## [DIRECTIONS]
Return, exactly and in full, the lines of the records below starting at the one with "The cowl uses" and ending at the one with "OS 기동 후 root", and no other lines.

## [MATERIAL PROVIDED]
§

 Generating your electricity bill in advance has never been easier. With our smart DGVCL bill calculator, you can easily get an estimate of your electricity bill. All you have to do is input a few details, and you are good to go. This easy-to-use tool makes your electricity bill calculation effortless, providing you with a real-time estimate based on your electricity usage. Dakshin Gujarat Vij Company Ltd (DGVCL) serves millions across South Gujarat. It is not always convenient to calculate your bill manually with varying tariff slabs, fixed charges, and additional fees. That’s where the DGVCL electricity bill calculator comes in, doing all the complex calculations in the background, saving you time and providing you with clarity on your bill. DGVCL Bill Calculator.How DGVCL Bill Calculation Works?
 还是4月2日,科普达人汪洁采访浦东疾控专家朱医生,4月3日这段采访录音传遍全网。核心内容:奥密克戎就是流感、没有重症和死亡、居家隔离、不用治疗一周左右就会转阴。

§

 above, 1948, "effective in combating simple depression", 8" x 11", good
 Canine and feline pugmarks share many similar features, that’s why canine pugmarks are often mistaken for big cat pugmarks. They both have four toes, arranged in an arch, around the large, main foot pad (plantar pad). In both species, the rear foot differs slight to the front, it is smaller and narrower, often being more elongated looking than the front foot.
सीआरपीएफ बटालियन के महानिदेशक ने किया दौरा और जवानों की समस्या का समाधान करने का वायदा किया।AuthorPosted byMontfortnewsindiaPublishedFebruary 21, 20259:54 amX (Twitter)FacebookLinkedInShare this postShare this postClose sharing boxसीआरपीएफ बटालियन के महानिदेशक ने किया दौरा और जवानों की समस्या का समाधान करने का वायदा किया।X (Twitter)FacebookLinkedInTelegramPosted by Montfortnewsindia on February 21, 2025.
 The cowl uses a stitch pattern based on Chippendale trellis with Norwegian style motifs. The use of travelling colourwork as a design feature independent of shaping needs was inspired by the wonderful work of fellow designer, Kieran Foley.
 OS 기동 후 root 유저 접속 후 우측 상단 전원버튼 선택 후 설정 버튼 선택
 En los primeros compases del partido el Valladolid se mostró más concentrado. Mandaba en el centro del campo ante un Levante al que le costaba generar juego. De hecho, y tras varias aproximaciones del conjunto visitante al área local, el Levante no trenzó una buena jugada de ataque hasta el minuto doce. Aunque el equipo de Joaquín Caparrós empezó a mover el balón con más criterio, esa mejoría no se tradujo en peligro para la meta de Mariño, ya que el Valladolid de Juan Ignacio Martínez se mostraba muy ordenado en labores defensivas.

§

## [ANSWER TO THE EXERCISE]
 The cowl uses a stitch pattern based on Chippendale trellis with Norwegian style motifs. The use of travelling colourwork as a design feature independent of shaping needs was inspired by the wonderful work of fellow designer, Kieran Foley.
 OS 기동 후 root 유저 접속 후 우측 상단 전원버튼 선택 후 설정 버튼 선택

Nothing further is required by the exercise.